For about two decades of my life I was terrified of heights. I could look over the side of tall buildings, walk down high steps and ride sky scraping roller coasters without stress or anxiety but any time I was asked about phobias, I habitually responded “oh yea I’m afraid of heights”.
This fear was never broken because it never seemed to be a problem. It never impeded me. It was just something I said. My fear was heights. I knew why I was afraid of wasps (randomly chased into the house by an angry red flying bug as a child). That fear had grounds, an event that had caused the avoidance. Heights, for me, did not.
My dad had been afraid of heights for as long as I could remember. I’m not sure if his fears were groundless but mine were. I had always been a daddy’s girl, desperate to distinguish myself against my younger sister- she could be a Mommas girl but Dad was mine. This might be why I took on his fears as my own.
When a belief takes root in the mind, something concrete and factual, it is only as immovable as the mind allows it to be. I was afraid of heights because I had convinced myself I was afraid of heights. I had repeated this to myself and to others for years. This was a fact in my mind so why would anyone else think differently. This story, although seemingly a small falsehood in the grand scheme of things, was still branding and building me into the person who was afraid of heights. What if I had continued to believe this? What did it keep me from doing while I believed it?
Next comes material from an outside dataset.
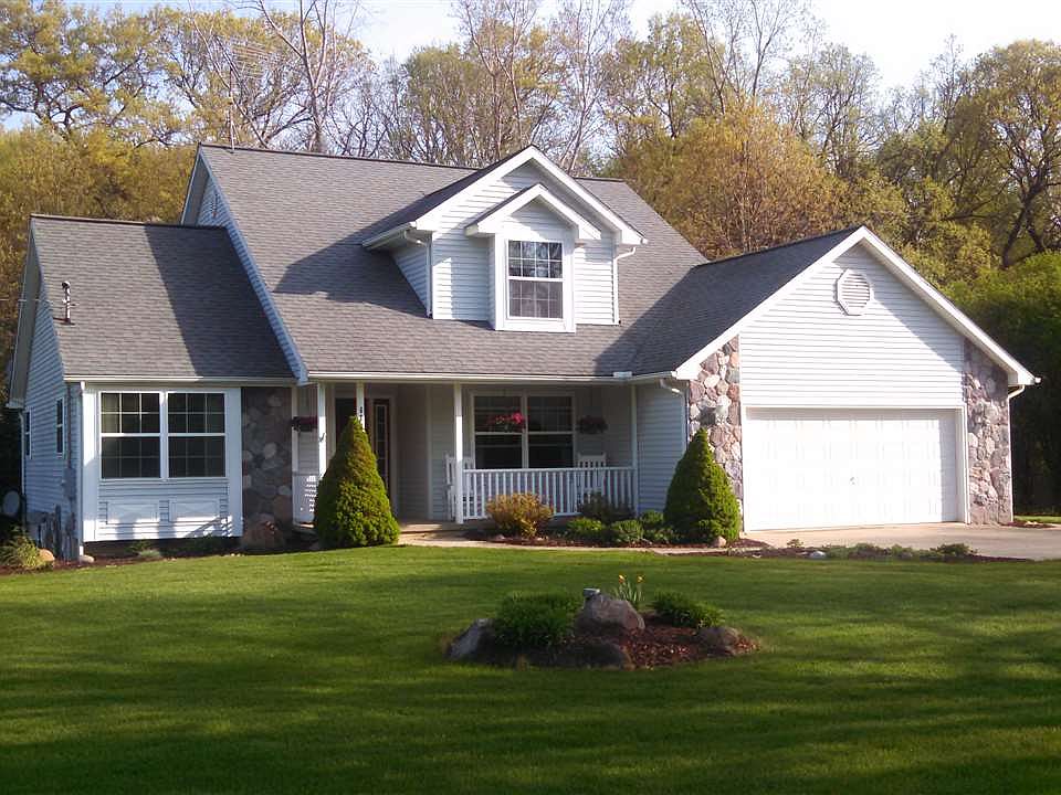Spectacular !!! Immaculate!! Custom!! Spacious!! Western Schools!! Pole Barn!!! Come on down as the price is right on this gorgeous family home on 1.3 lush and nicely landscaped acres of yard with 2 car attached garage AND separate 40x28 pole barn with 11 ft. overhead door for oversized goods and 8 ft. door w/opener. Exterior is amazing with no maintenance vinyl siding and fieldstone. The tour starts at the beautiful open front porch into the 2 story foyer where youll find a main floor Master suite suitable for KING SIZE furniture. Bath features garden tub, separate shower, dual sinks. The living area features 2 story vaulted ceiling, amazing natural light in the wall of windows overlooking the tree-lined backyard. 2 sided fireplace, open-concept kitchen, dining, living, bonus formal dining or den. Nicely appointed kitchen with breakfast bar, slider to deck. Upstairs 2 more very large bedrooms with tons of storage and another full bath. Basement is roomy, dry and ready to fin

One time I tried a climbing wall as a child. I was to race my cousin to the top. Although he had climbed trees his whole life and I had not (afraid of heights, remember?) I thought myself capable of anything he could do. At this point in my life I had zero and a half upper body strength and had never even touched a rock wall. Needless to say the race was over before it started. I was stuck a few feet off the ground, unable to pull myself higher. My immediate response was oh it was too high. I’m afraid of heights. My fear that wasn’t my own became my excuse for being an inexperienced climber. Why would I keep trying to be a good climber if being afraid of heights was an acceptable way around the effort? This was a model of how I shaped my life. I let my excuses and shortcomings keep me on the path of least resistance.
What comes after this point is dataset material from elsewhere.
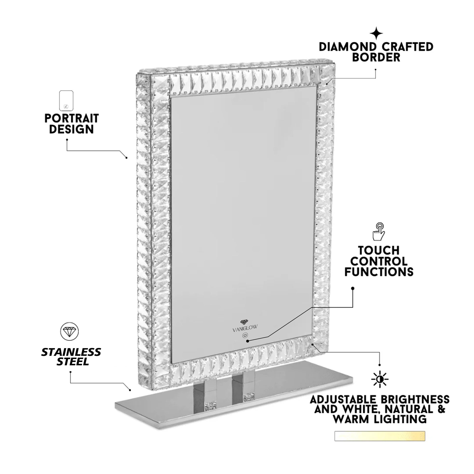Let your space shine with the soft, magical glow of the Fairy Glow Mirror — a portrait-style vanity framed in 198 luminous crystal accents. With its vertical design and diamond-crafted border, this mirror brings a clean, sparkling elegance to any beauty setup.

I don’t live like this now. I actually adore rock climbing and hiking. These are things that I would have gladly never done with my previous mindset. Nothing was making me look bad or lazy or any less than the person I wanted to be at the time. Having low standards means a more reachable goal.
It’s incredible how much your mindset and your beliefs regarding your own self can shape your life, your ambitions and your interests. Everyone has met someone whose mind is impossible to change despite the arguement or the facts presented. Think of their mind as a bed of concrete, things haphazardly becoming firm and stuck in place. Self awareness is how we evolve, how we adapt and become closer to our true selves. Concrete brains have a plain of peace in this respect because they don’t question things once they fall into place in their minds. There is no internal conflict because there are no questions being asked. When you ask those hard questions and the cracks in the foundation start to show it can be scary. Realizing you built a life for who you were before is scary. However you truly discover who you are at the end of your comfort zone.
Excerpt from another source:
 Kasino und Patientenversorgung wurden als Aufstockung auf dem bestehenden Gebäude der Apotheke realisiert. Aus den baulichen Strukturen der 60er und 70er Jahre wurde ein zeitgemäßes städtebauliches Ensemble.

Everything changes. We, as a universe existing within a universe, have an opportunity to evolve our perceptions and to shape ourselves. Keep your mind as fluid as the world around you. The things we repeat become our mantras, consciously or otherwise, and build the person we are around these rooted beliefs. The words we say to ourselves day in and day out have tangible effects on how we see the world around us and how we react to it. So why not make it an intentional practice? If you can choose the materials to build your own view then why leave it with a cracked foundation?